Slider’s hand was gripped, wrung and let go all in one movement, and Barrington was opening the door for him and ushering him out with the sheer force of his physical size. Norma, approaching along the corridor, stopped on seeing Slider, and then somehow stopped again from a stationary position on seeing Barrington. He smiled at her with his automatic, unmoving smile, his eyes photographing and filing her.

‘I don’t think we’ve met,’ he said. ‘Barrington.’

‘Swilley,’ she responded, mesmerised.

‘WDC Swilley—’ Slider began to explain, but Barrington cut him off.

‘Fine. I’ll get to know you all in due course,’ he said, and popped back through his trap door like the Demon King.

Norma turned open-mouthed to Slider, who shook his head and walked away along the corridor. He wouldn’t put it past Barrington to be standing just by the door to hear what they said about him.

When they had turned the corner and were safe she burst out in a low gasp, ‘Who is that extraordinary,
sexy
man?’

‘Sexy?’ Slider said, wounded. ‘With those acne scars?’

‘I can’t help it,’ she said in a baffled voice. ‘I know he oughtn’t to be, but, God! He made my knees go weak.’

‘He’s the new DS. Stepped into Dickson’s shoes. At Kensington they called him Mad Ivan.’

‘I bet they did! He’s breathtaking!’

‘You’re dribbling,’ Slider told her coldly. ‘What did you want, anyway?’

‘I was looking for you, Guv. A call’s just come in from Dave’s Fish Bar in Uxbridge Road – chip shop, corner of Adelaide Grove—’

‘Yes, I know it’

‘A customer just bought a thirty pee portion of chips and found a finger in it’

‘A finger of what?’ Slider asked absently.

‘A human finger.’

He wrinkled his nose. ‘Someone else can deal with it, surely? I’m not a public health inspector.’

Norma looked offended. ‘I thought you’d find it amusing, that’s all. There’s so little to do around here. Atherton’s gone,’ she added cunningly.

‘You’re quite right, of course. Anything’s better than going back and reading circulation files.’

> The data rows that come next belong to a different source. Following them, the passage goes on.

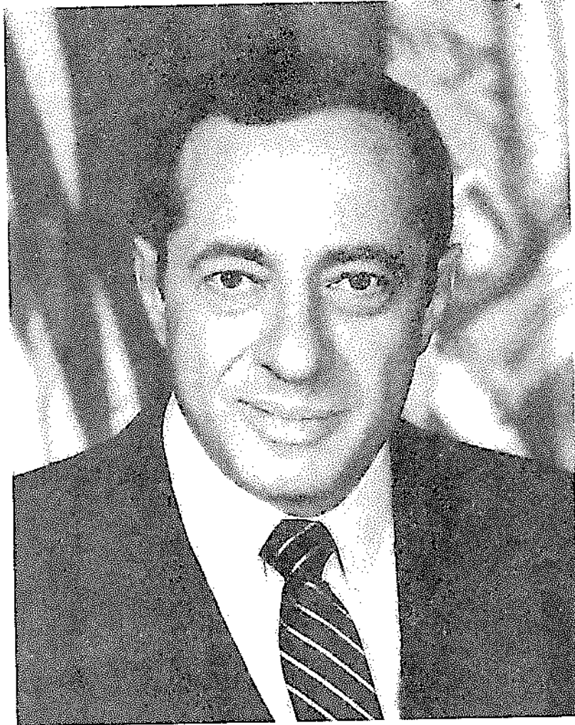
Mario M. Cuomo, Governor
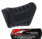
SOLE INSERT NEW TECH10 3430-0923 SZ 7/8 3430-0924 SZ 9/10 3430-0925 SZ 11/12 3430-0926 SZ 13/14
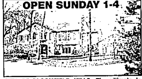
CITY OF BLOOMFIELD HILLS. The ultimate in gracious living on 1.9 acres of treed and landscaped setting. Designed for entertaining or comfortable family living. Four car garage, tennis court and more! (644-6300) B12418
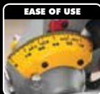
EASE OF USE
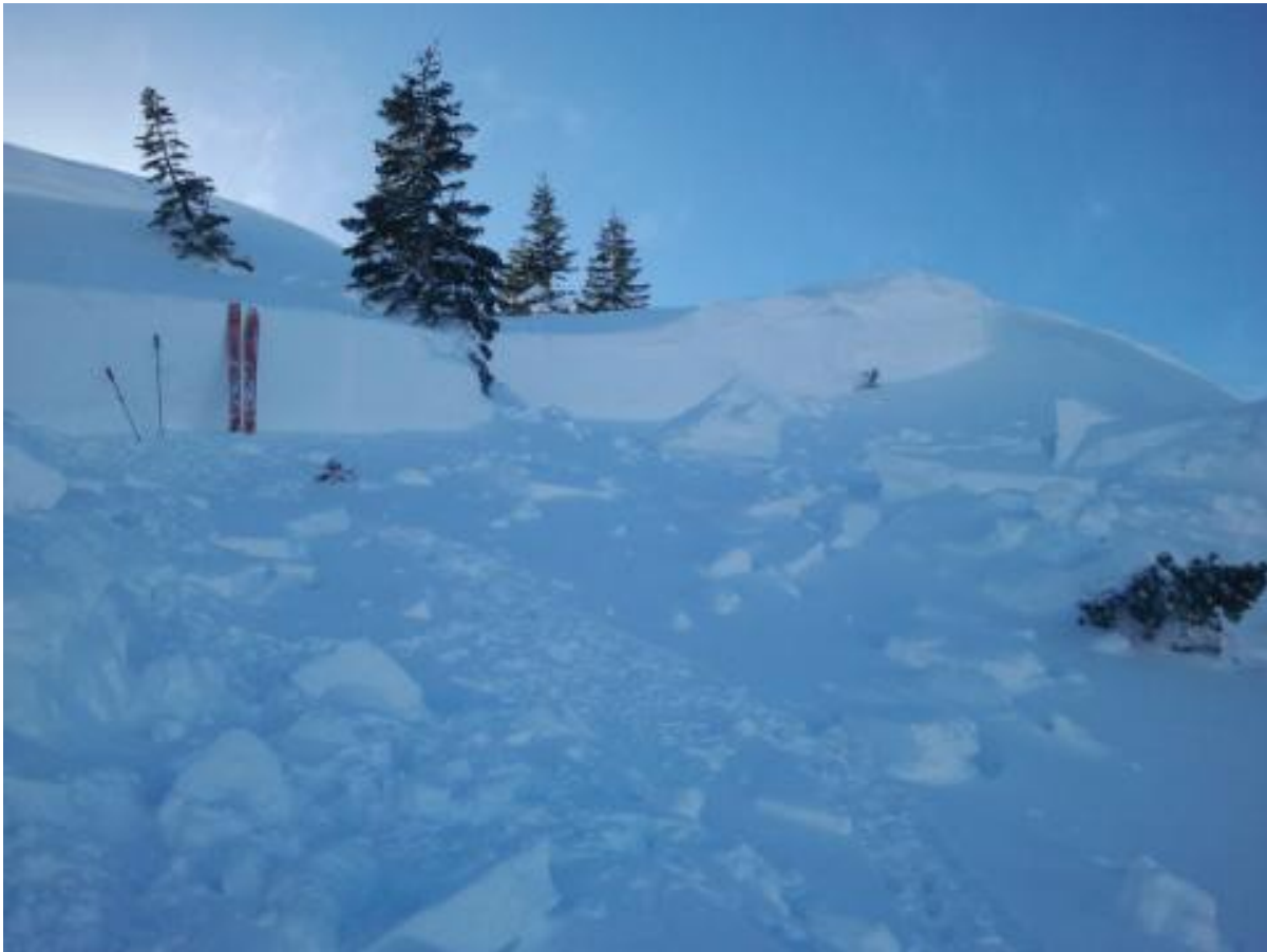
Dec 23, 2013 natural avalanche occurring in Drifter Bowl, failing on Dec 12 near crust facet layer.

Advisories were available 24 hours a day, 7 seven days per week on the internet and by phone. The website experienced over 501,067 page loads this winter. During the forecasting season from November 16th to April 14th, the website was viewed an average of 3,115 times per day with a record single day maximum of 14,247 page loads occurring on December 26th. The recorded phone message was accessed over 3,000 times. Website traffic increased in page views by 2.5% and unique visitors by 17% over the previous busiest year. An online archive of advisories can be found at: http://www.sierraavalanchecenter.org/archive .
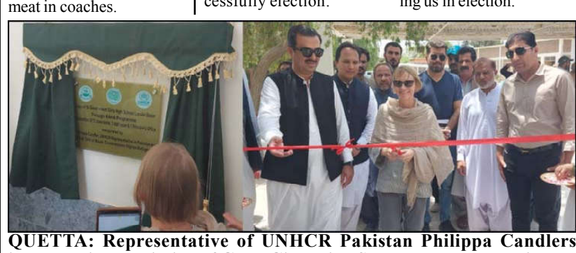
inaugurating a building of Govt. Girls High School constructed with the

They also thanked PBC's staffs for supporting us in election
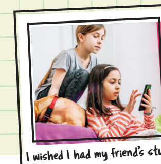
I wished I had my friend's stuff.
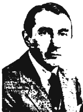
William H. Jackson
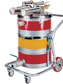
SS-55 (TC) TE TWIN VENTURI
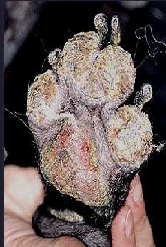
Footpad hyperkeratosis and crusting due to pemphigus foliaceus
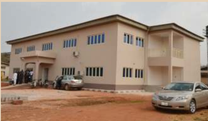
The NLNG-built and equipped research laboratory at University of Nigeria, Nsukka
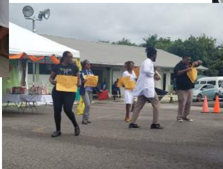
Team Sangre Grande Enhanced Health Centre performs in the Ole Mas Competition
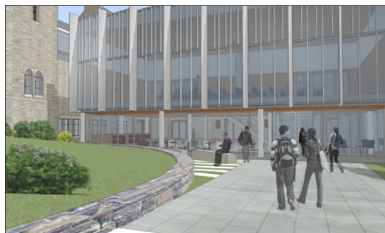
Creation of a true campus center that brings Andover Library and the School's core academic resources together with student services and social space.

Our students deserve a modern, dynamic space for learning. Future students will expect it. As HDS looks to its third century, we aim to ensure that this vital and distinctive building lives up to its potential as the center of the School's effort to empower scholars and leaders for a religiously complex world.
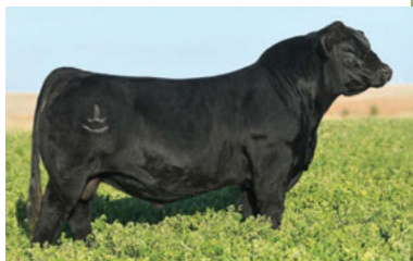
KCCI Exclusive 116E - Service Sire

47 LHF HONKY TONK GIRL 130H Purebred Female Polled BW: 86 BPG1309867 LHF 130H 30/01/20 LFE GOTHAM 819Y LFE BS CHARO 23Y LFEBSI BLACKADVANCE 426U LFE BS MISS LEWIS 614S MR HOC BROKER IRCC XCELLA 2X IRCC AUTHENTIC 317A IRCC U GO GIRL 804U LFE THE RIDDLER 323B LHF RIDDLE ME THIS 24F LFE HEAVEN SENT 30X IRCC BOOMSHAKALAKA 434B LOCUSTHILL BOOM GIRL IRCC CUTE GIRL 547C CE: 7.0 BW: 5.5 WW: 91.9 YW: 139.5 Milk: 27.0 MCE: 5.2 MWW: 73.0

‘You never know,’ she said encouragingly, following him down the corridor. You might find die rest of the body attached to it.’

‘I’m never that lucky,’ he said.

CHAPTER 2
A Finger in Every Pie

CHERYL MAKEPEACE, AGED FIFTEEN, HAD
been on her way to school – Hammersmith County, at the far end of Bloemfontein Road. She’d been to the doctor that morning, to consult about what her mother referred to with breathless Jamaican delicacy as
Ladies’ Problems,
and since her appointment had been for ten forty-five she’d decided happily it wasn’t worth going into school beforehand. Coming out of the surgery in Becklow Road and seeing the sunshine, she thought she might as well make the whole thing last out until lunchtime.